• [Task to carry out]: Repeat the listing below in full and exactly. Pictures are to be omitted.

• [Given information]:
★ ★ ★ ★ ★

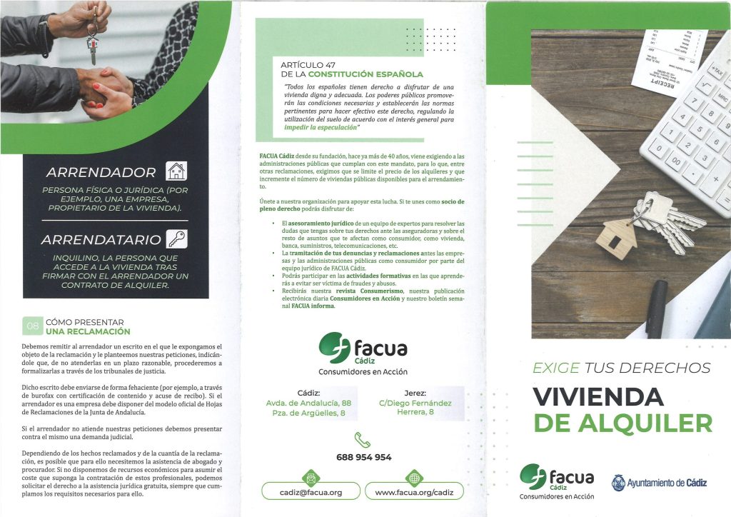 FACUA Cádiz desarrolla una campaña informativa sobre los derechos al alquilar una vivienda, en colaboración con el Ayuntamiento, ante el aumento de consultas por el encarecimiento del alquiler
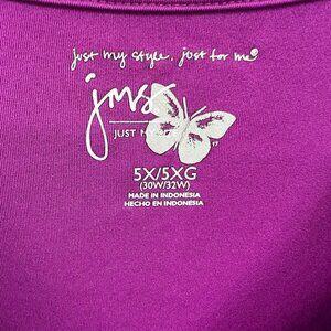 Just My Size Womens Top 5X 30/32W Purple Pullover Short Sleeve Shirt
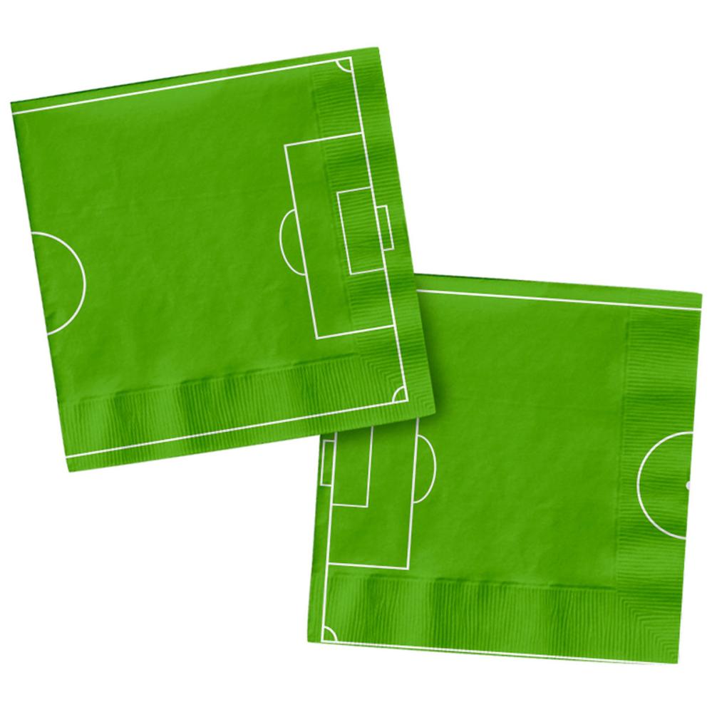 Servetter Fotbollsplan 20-pack består av tjugo ljusgröna pappersservetter med vitt motiv av en klassisk fotbollsplan.

★ ★ ★ ★ ★

• [Response to the task]:
 FACUA Cádiz desarrolla una campaña informativa sobre los derechos al alquilar una vivienda, en colaboración con el Ayuntamiento, ante el aumento de consultas por el encarecimiento del alquiler
 Just My Size Womens Top 5X 30/32W Purple Pullover Short Sleeve Shirt
 Servetter Fotbollsplan 20-pack består av tjugo ljusgröna pappersservetter med vitt motiv av en klassisk fotbollsplan.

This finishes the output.